*Data block*:
----

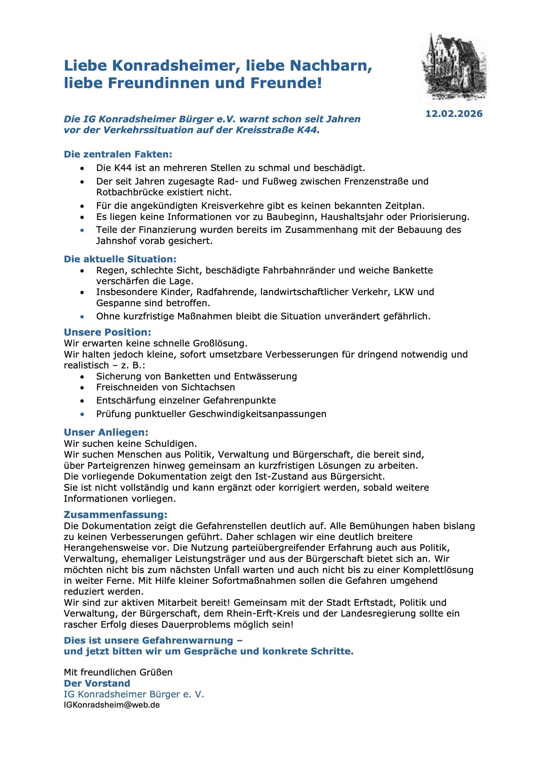 Die IG Konradsheimer Bürger warnt seit Jahren vor der Verkehrssituation auf der Kreisstraße K44.
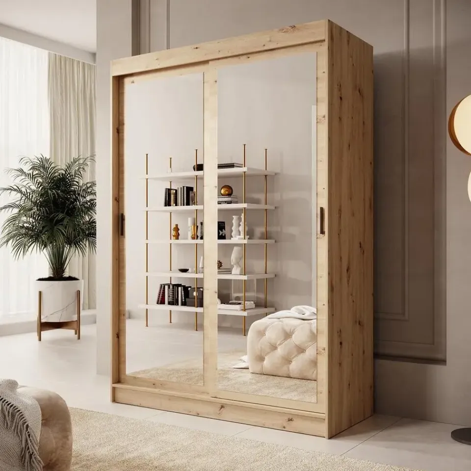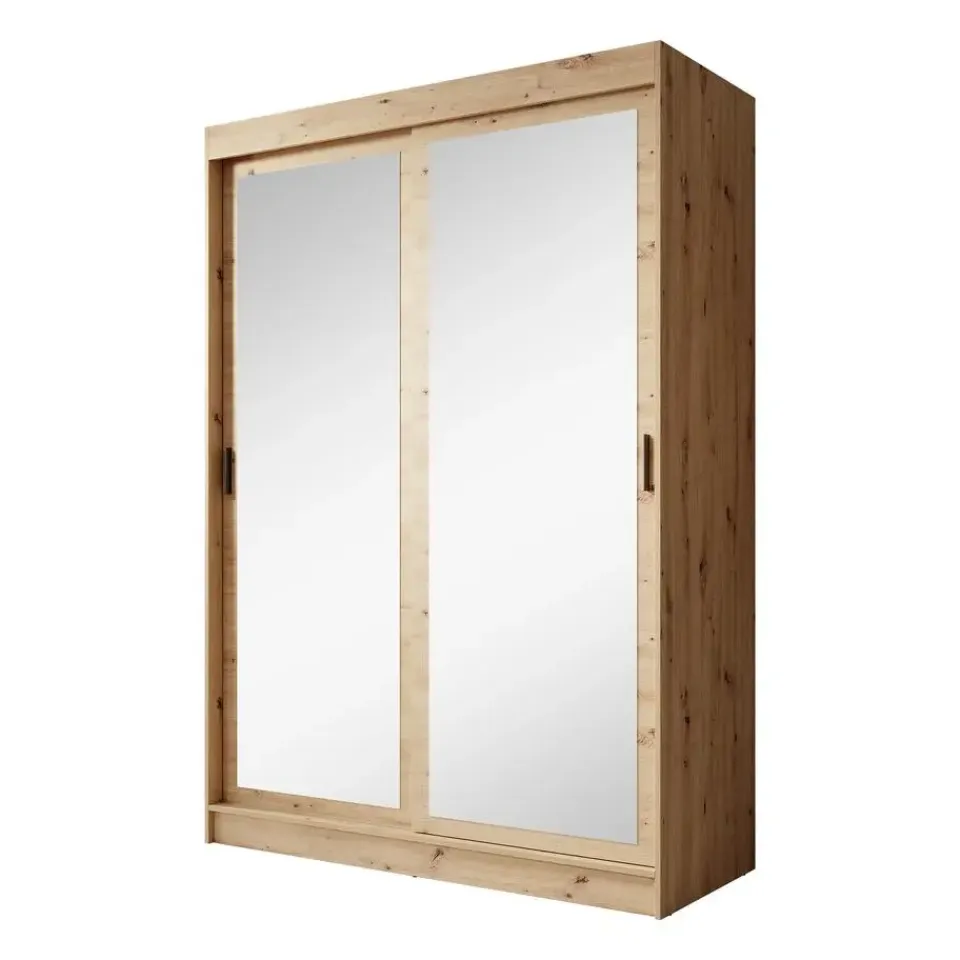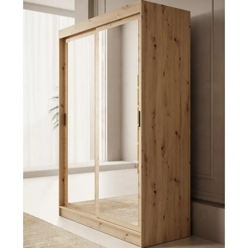 Kledingkast Mammock is een garderobekast uitgevoerd in eiken kleur. De kledingkast heeft 2 schuifdeuren die openen met zwarte handgrepen waarachter 1 kledingroede en 5 opbergvakken zitten. Op beide deuren is een spiegel geplaatst. Het meubel wordt ongemonteerd geleverd. Je dient het dus met behulp van de bijgeleverde handleiding zelf in elkaar te zetten.
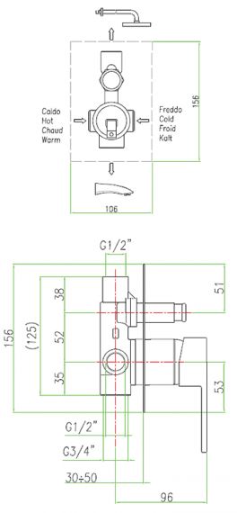1) Смеситель для душа Fiore Kube скрытого монтажа белый матовый

----

*What is expected*:
Output the data exactly. Pictures don't belong in the result.

*Response area*:
 Die IG Konradsheimer Bürger warnt seit Jahren vor der Verkehrssituation auf der Kreisstraße K44.
 Kledingkast Mammock is een garderobekast uitgevoerd in eiken kleur. De kledingkast heeft 2 schuifdeuren die openen met zwarte handgrepen waarachter 1 kledingroede en 5 opbergvakken zitten. Op beide deuren is een spiegel geplaatst. Het meubel wordt ongemonteerd geleverd. Je dient het dus met behulp van de bijgeleverde handleiding zelf in elkaar te zetten.
1) Смеситель для душа Fiore Kube скрытого монтажа белый матовый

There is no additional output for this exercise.